Dlatego całe życie jechałem na jakimś zwolnieniu. Ćwiczyłem na WF może z 10 razy w życiu
Skąd ja znam wasze historie? Aktualnie chodze do II LO. Nie nawidze wf (szczególnie gier zespołowych typu koszykowa, siatka i PILKA NOZNA) bieganie czy gimnastyka przejda. Ale lekcje wf w liceum glownie polegaja na tym, ze nauczyciel rzuca pilke i "grajcie". Zawsze jestem wybierany jako ost. do druzyny. Jak juz gramy to nie wiem co robic. Wszyscy na mnie wrzeszcza, wyzywaja, wsciekaja sie, ze nie umiem grac, potem wszystkim rozgaduja i smieje sie cala klasa. Nie nawidze tych sportow w szczegolnosci NOZNEJ. U mnie wszyscy graja, tak jakby grali o puchar swiata. Ja poza wf nigdzie nie gram. A oni w klubach. Po innych moze by to splynelo, ale nie po mnie. Wszystkim przejmuje sie do czasu kolejnego wf i kolejnych pretensji. Przed kazdym wf caly chodze z nerwow. W 1 kl. mielismy z taka fajna babka, ktora pozwalala nam (mi i jednemu koledze, ktory tez jest kiepski) grac w kosza 1 na 1. Wtedy bylo nawet fajnie. Ale teraz mamy z nowym gosciem, gdy gramy wszscy razem ja stresuje sie, denerwuje i oczywiscie zawsze wszystko s+:Ikony bluzgi pieprz: jeszcze bardziej. Powoli juz nie wytrzymuje co robic?

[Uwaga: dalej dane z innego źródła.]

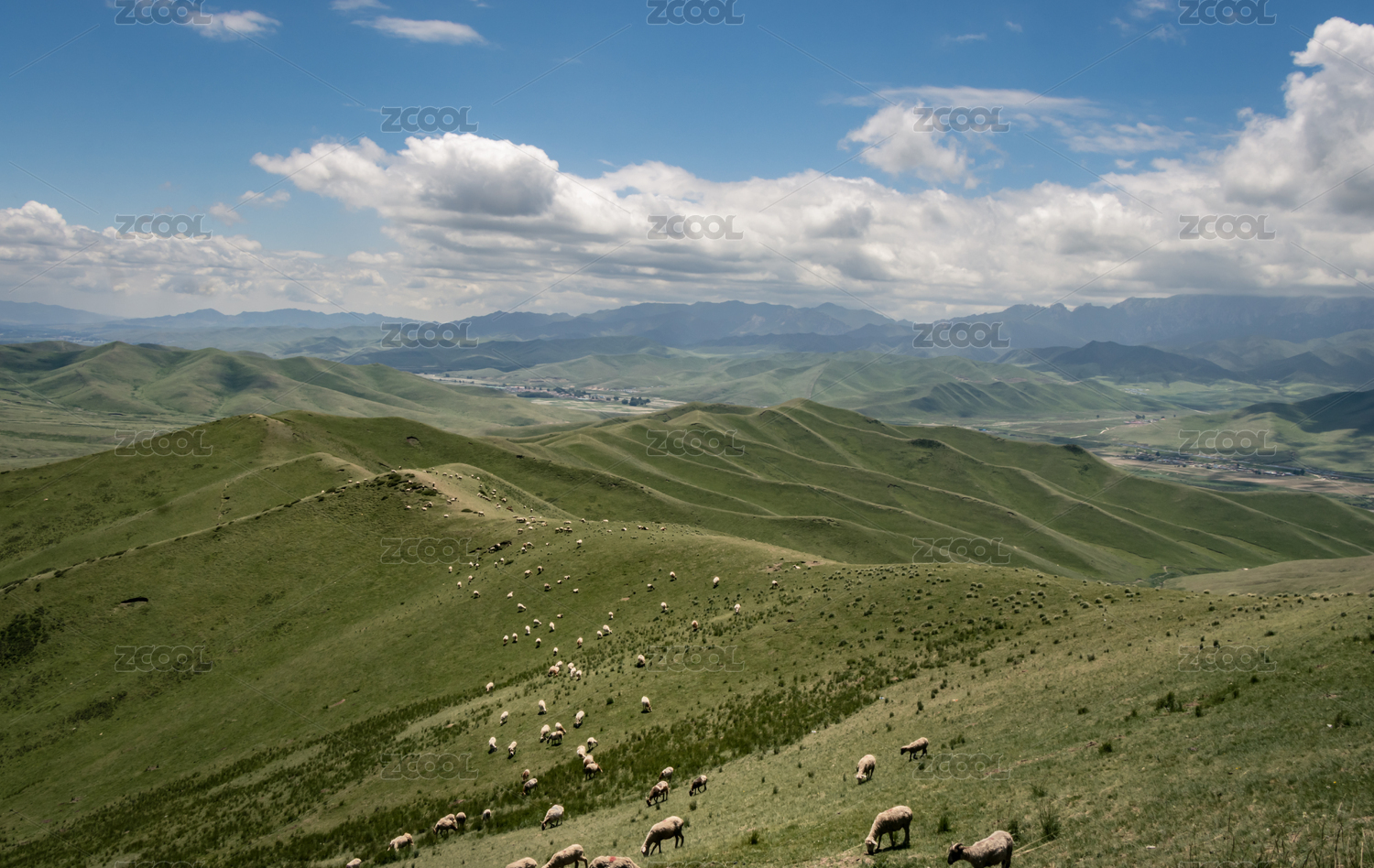 风景,自然,户外,甘肃,武威,乌稍岭,高原,三大高原交汇地,蓝天白云,羊群
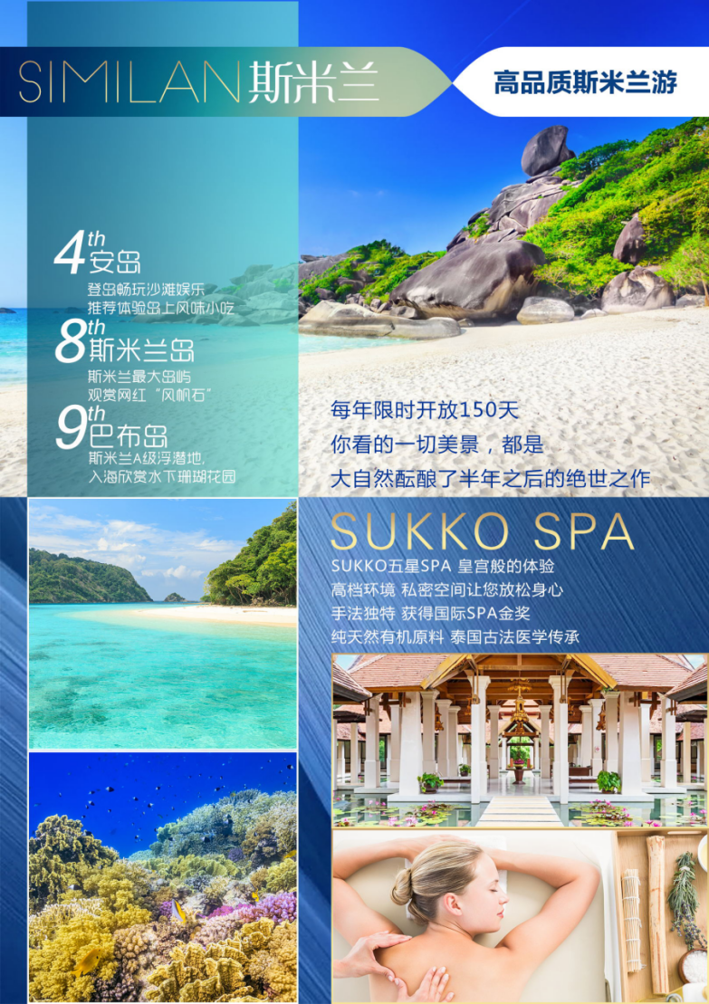 | 1、【SIMILAN斯米兰群岛】,9个岛中我们挑选了其中最美丽的4个岛,去尽情的游泳与浮潜。同时可以在银白色的沙滩上自由活动。斯米兰岛的美丽是无法用言辞来形容的,只有您的亲身体验,才能感受它的独特魅力。2、【4号安岛(Koh Miang)】,这里大片坚固的珊瑚礁高度逐渐地降低到大概30-40米,由于海水深度的增加,这个位置被沙子代替了。在这些岛屿周围形成的旋涡状的、营养丰富的水域有着大量色彩艳丽的热带鱼, 在这些水域观赏到巨大鱼儿的机会是很少的,但是在这你也许会偶然碰到美洲豹鲨鱼,甚至鲸鱼。这里有二十多处合格的潜水点,有许多已发展起来拥有自己的国际声誉。之后前往3、【9号班古岛(Koh Bangru)】上的【圣诞角(Chrismas Point)】,这里是以系列蜿蜒迷人的海湾而得名,多彩成群的蓝鳍鲹,金枪鱼穿梭其中,潜水爱好者您不妨体验畅游其中的乐趣。后乘快艇往4、【8号斯米兰岛(Koh Similan)】享用午餐,8号斯米兰岛上的象头岩(Elephant Head)可能是这群岛屿中最著名的潜水地带,这里是以伸出海面到斯米兰岛西南角的、形状不规则的岩石而命名的。【仙境(Fantasy Reef)】, 是适合于勘探大量水下岩石形成的受欢迎的地点,同时在这也能碰到一些活的发光物体。我们可以在这里进行【浮潜】,一览海底世界丰富的鱼群,及五彩缤纷的珊瑚。 5、【精油spa】随后将带领各位贵宾前往本公司特别安排的spa『60分钟』,来一次经典葛优躺,享受舒筋活骨、消除疲劳之神奇疗效。(小費:100珠请交給帮你按摩舒服的按摩师,谢谢您)。①:(因海上风浪大,如当天不能乘坐快艇出海则会安排其它行程替换)②:如果遇到当天下雨或者风太大时,则改为在室内餐厅用餐;另外本日建议游客请事先准备小型旅行包,带些轻便的换洗衣物前往离岛,大件行李可放在普吉本岛酒店内寄存。近期泰国海上风浪较大的季节,为保证游客出行的安全,泰国水警发出警告:60岁以上客人不能过海,上岛费用不退。早:酒店含早餐 中:岛上简餐 晚:白金古日式料理 |

No, tak właśnie wyglądają licealne lekcje WF-u. Przed każdymi takimi zajęciami nie potrafię przestać się denerwować. Tak samo jak Ty. Teraz w dodatku jestem w klasie maturalnej, więc nie mając zamiaru tracić czasu na głupim WF-ie, postanowiłam się w końcu wybrać do lekarza. Radzę tak samo pokombinować nad jakiś zwolnieniem, przynajmniej tymczasowym. Mnie z tą mało wymagającą nauczycielką jak do tej pory jakoś się udawało. Przyszłam kilka razy coś zaliczyć, a tak to albo mnie nie było, albo przynosiłam zwolnienie.
qq
W-f nie cierpie tej lekcji. A zwlaszcza gier zespolowych, najchetniej bym wtedy uciekla z sali. Jesli lekcja wf mialaby polegac tylko na bieganiu i aerobiku to tak, ale grupowo odpada
Jeśli chodzi o W-F to oczywiście nienawidzę tej lekcji najbardziej ze wszystkich, ale nie jest źle - gimnastyka i ćwiczenia kondycyjne jeszcze strawię - mam problemy z zatokami i ogólnie kondycją, nauczyciel jest w porządku, pozwala odpocząć. Gry zespołowe - nie angażuje się, z chamstwem się raczej nie spotykam raz tylko usłyszałem "zrefleksuj się chłopie".
Fobii nie mam, ale jednak jest to dla mnie stres.
Heh to chyba typowa przypadłość fobików/nieśmiałych, taka nieśmiała dziewczyna z klasy też unika WFu jak ognia.

Gość

za to u mnie "małe" zmiany, już nie lubię wf-u, odkąd z niewiadomych mi przyczyn zrobiłam się łamagą <od tego roku; nikogo nie chcę oczywiście urazić tą "łamagą"> zewsząd, głównie od nauczycieli, o ironio, słyszę: "julka, co się z tobą dzieje?", w odpowiedzi stać mnie jedynie na żałosny "uśmiech" i: "źle się czuję". może to sprawa co raz mniejszej pewności i akceptacji siebie i tego, że połączyli nam wf z inną klasą, blee... jeszcze trzeba chodzić na dodatkową<ale obowiązkową ...> godzinę wybranych przez siebie zajęć- wybrałam siatkówkę, ale teraz żałuję, nie będzie tam osób z mojej klasy, tylko z całej szkoły, taka zbitka przypadkowych ludzi; szczęście, że ci nauczyciele są wobec mnie nader pobłażliwi.